# Buying First Auto Press (it's so hard)



## alwilson (Jan 26, 2013)

Hello all. I am buying my first auto press soon and am very overwhelmed by all the info so looking for some advice. 

I have my search narrowed down to 3 presses (i think) 
1. M&R Diamondback with Red Chili Flash
2. Anatol Titan with Servo Index & AC heads. Rapid Wave Quartz Flash
3. Anatol Volt all Electric. Rapid Wave Quartz Flash

I know very well that almost everyone is going to tell me M&R. I know their reputation on service etc and that is very appealing. Anatol I know has a bad rep with service but most of the bad reviews I have seen are several years old and am told they have made strides in that dept. Here are some of my concerns.... I am in a wheelchair but very active and have been running a manual shop by myself for 3 years. Physically I am a bit limited so want a press with minimal maintenance needed. Space is also a factor, my shop area is 22' x 27'. 
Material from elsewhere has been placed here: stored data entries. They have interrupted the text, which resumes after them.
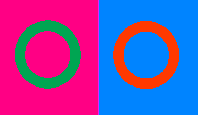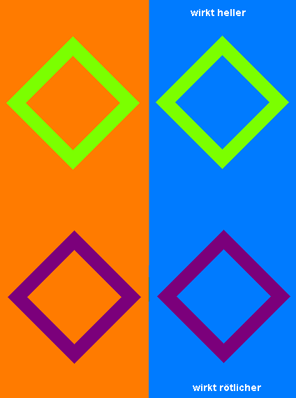 | e) Unter dem Simultan- Kontrast versteht man, dass unser Farbwahrnehmungs- System zu einer erblickten Farbe gleichzeitig (simultan) die Komplementärfarbe verlangt oder selbständig bildet, wenn sie real nicht vorhanden ist. So verändern sich gleiche Farbtöne, wenn sie von verschiedenen Farben umgeben sind. | ||||||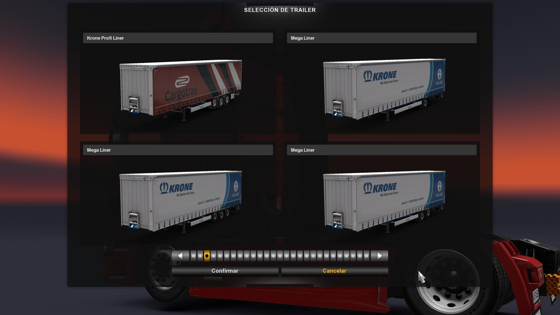 I want to present you the Krone MegaLiner 2017 Addon for Krone DLC. Changelog v1.4: - Added Multos body. - Added ADR plates. - Added Oval stickers. - Added long mudflaps. - New template with correct proportions(Psd, png and dds inside zip file). - Added more skins. - SCS skins removed(They dont fit anymore with the new template). TO USE THIS MOD YOU NEED THE KRONE DLC, WITHOUT IT THE GAME WILL CRASH. Sogard3. Abasstreppas (Wheels). Axelrol (License plate mode,flares & round taillights). SCS (Base model from Profiliner DLC). Smyro (Skins). R3AP3R (Skins). schwedentrucker_09 (Skins). vad&k (Manifest file). Donovan (Adjusted brightness on skin number plates). Credits: Sogard3 |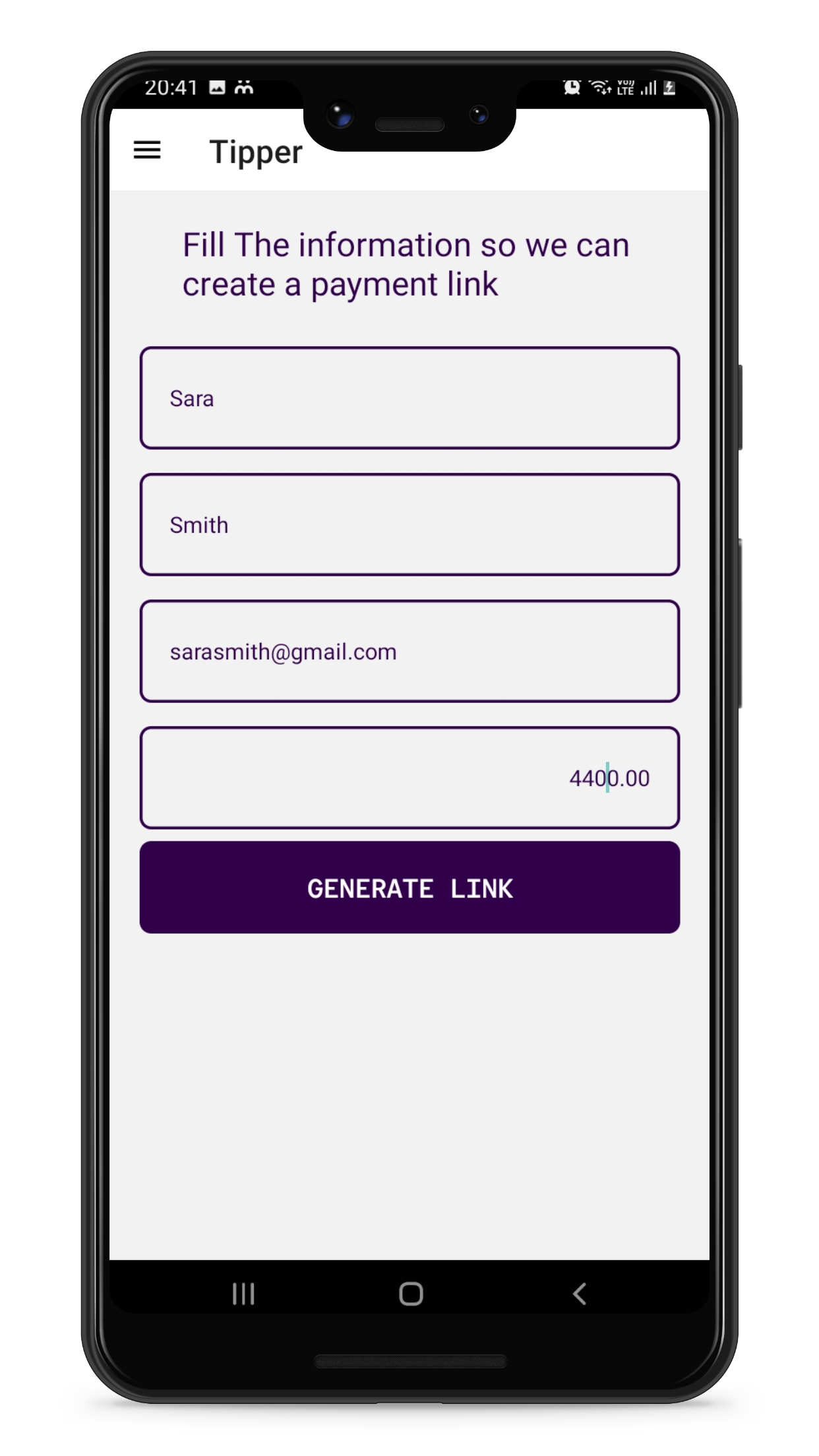 Generate a payment link and send to someone you want to get paid. First enter their name, email and amount you wanna get paid in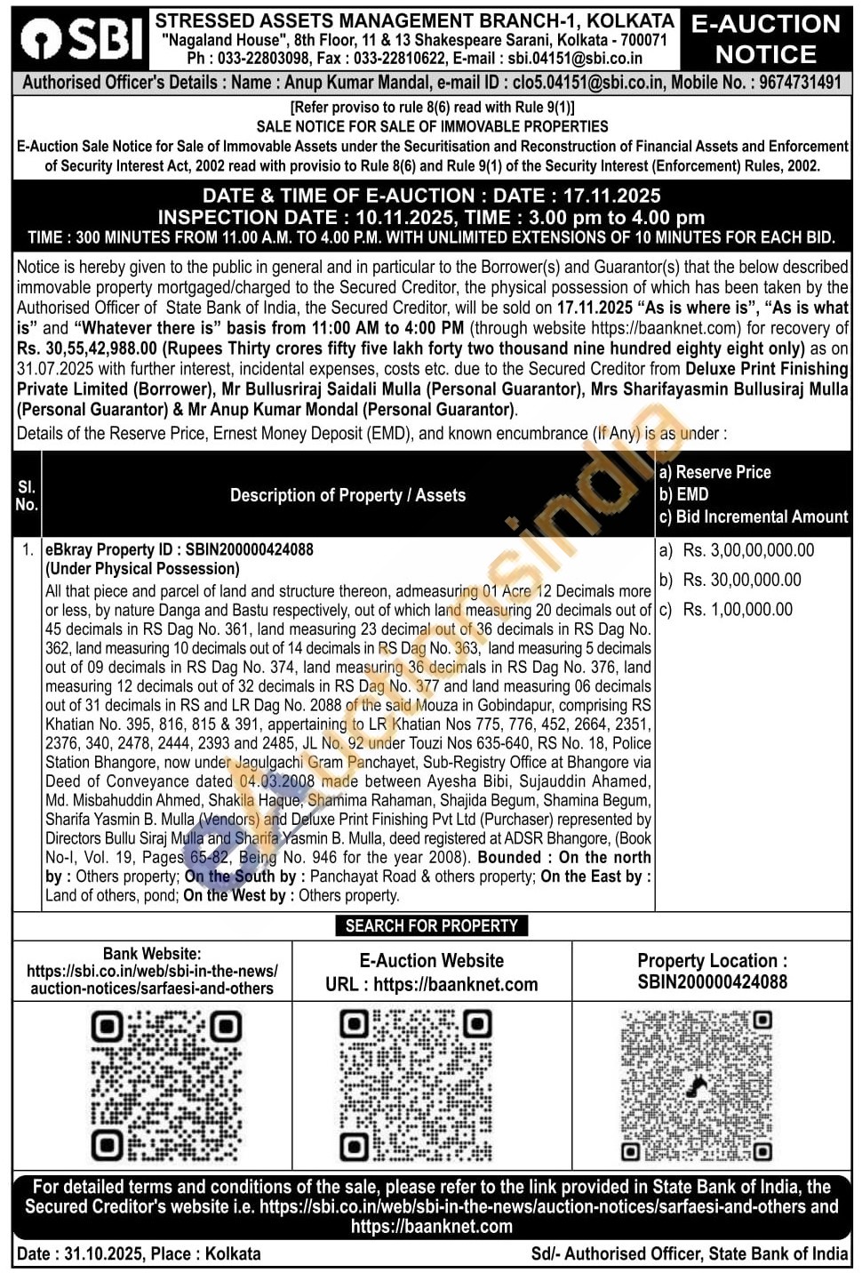 All that piece and parcel of land and structure thereon, admeasuring 01 Acre 12 Decimals more or less, by nature Danga and Bastu respectively, out of which land measuring 20 decimals out of 45 decimals in RS Dag No. 361, land measuring 23 decimal out of 36 decimals in RS Dag No. 362, land measuring 10 decimals out of 14 decimals in RS Dag No. 363, land measuring 5 decimals out of 09 decimals in RS Dag No. 374, land measuring 36 decimals in RS Dag No. 376, land measuring 12 decimals out of 32 decimals in RS Dag No. 377 and land measuring 06 decimals out of 31 decimals in RS and LR Dag No. 2088 of the said Mouza in Gobindapur, comprising RS Khatian No. 395, 816, 815 & 391, appertaining to LR Khatian Nos 775, 776, 452, 2664, 2351, 2376, 340, 2478, 2444, 2393 and 2485, JL No. 92 under Touzi Nos 635-640, RS No. 18, Police Station Bhangore, now under Jagulgachi Gram Panchayet, Sub-Registry Office at Bhangore via Deed of Conveyance dated 04.03.2008 made between Ayesha Bibi, Sujauddin Ahamed, Md. Misbahuddin Ahmed, Shakila Haque, Shamima Rahaman, Shajida Begum, Shamina Begum, Sharifa Yasmin B. Mulla (Vendors) and Deluxe Print Finishing Pvt Ltd (Purchaser) represented by Directors Bullu Siraj Mulla and Sharifa Yasmin B. Mulla, deed registered at ADSR Bhangore, (Book No-l, Vol. 19, Pages 65-82, Being No. 946 for the year 2008). Bounded: On the north by: Others property; On the South by: Panchayat Road & others property; On the East by: Land of others, pond; On the West by: Others property

I like Anatol Volt for these reasons:
• No pneumatics so less maintenance (hopefully)
•*Smaller Footprint than the comparable Diamondback
•*I already have an Anataol Lightning manual press so pallets are interchangeable.
• Less Noise
• No need to buy compressor/chiller (need all the extra space I can get)
• Price is better and the dealer is offering the flash for free if I buy at upcoming ISS.

I like Anatol Titan for these reasons:
• Less pneumatics than all air presses
•*Smallest foot print of all 3
•*I already have an Anataol Lightning manual press so pallets are interchangeable.
• Compressor/chiller can be smaller so less money and space
• Price is best of all 3 and the dealer is offering the flash for free if I buy at upcoming ISS.

I like the M&R for these reasons:
•*Service Reputation
•*Everyone says they are awesome
• (I need counter points to the above Anatol points) 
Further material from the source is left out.